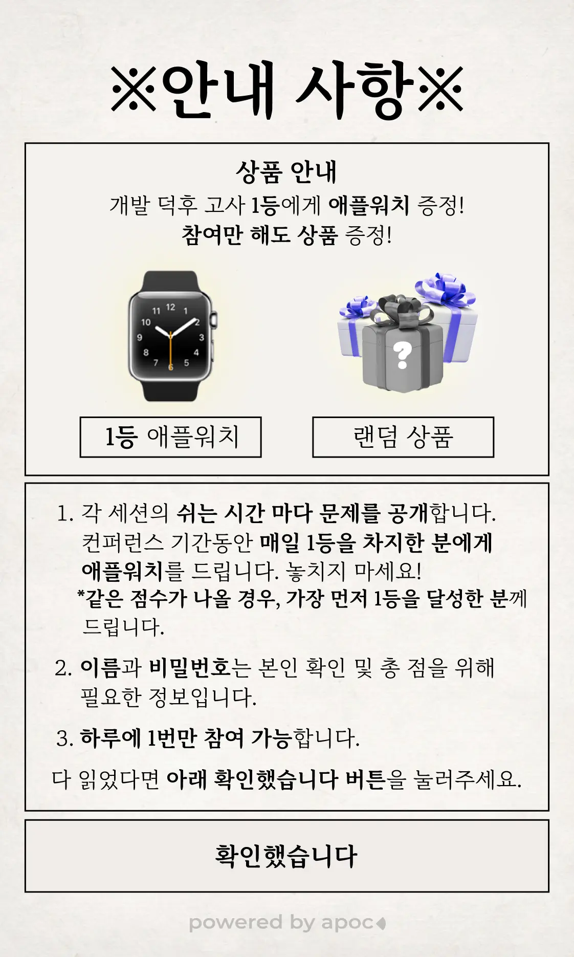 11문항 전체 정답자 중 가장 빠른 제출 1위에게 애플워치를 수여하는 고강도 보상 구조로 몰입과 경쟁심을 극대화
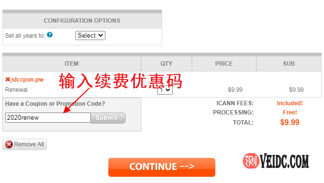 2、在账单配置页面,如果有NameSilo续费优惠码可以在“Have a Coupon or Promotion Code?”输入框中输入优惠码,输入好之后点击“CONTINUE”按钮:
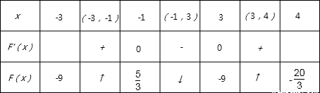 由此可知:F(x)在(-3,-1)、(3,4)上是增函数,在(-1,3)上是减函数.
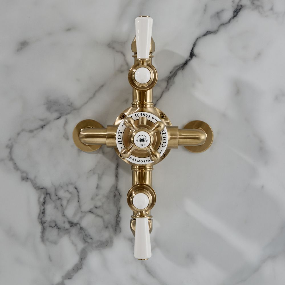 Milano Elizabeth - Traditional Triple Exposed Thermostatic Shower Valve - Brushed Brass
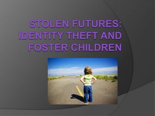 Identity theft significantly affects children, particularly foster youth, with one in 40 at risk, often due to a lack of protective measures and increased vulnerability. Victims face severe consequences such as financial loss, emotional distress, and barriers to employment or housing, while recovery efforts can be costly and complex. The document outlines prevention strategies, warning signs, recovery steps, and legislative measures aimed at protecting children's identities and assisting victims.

Task item
Print the lines from the beginning of the records up to and including the line containing "Milano Elizabeth - Traditional", word for word, with no pictures.

Output of the exercise
 11문항 전체 정답자 중 가장 빠른 제출 1위에게 애플워치를 수여하는 고강도 보상 구조로 몰입과 경쟁심을 극대화
 2、在账单配置页面,如果有NameSilo续费优惠码可以在“Have a Coupon or Promotion Code?”输入框中输入优惠码,输入好之后点击“CONTINUE”按钮:
 由此可知:F(x)在(-3,-1)、(3,4)上是增函数,在(-1,3)上是减函数.
 Milano Elizabeth - Traditional Triple Exposed Thermostatic Shower Valve - Brushed Brass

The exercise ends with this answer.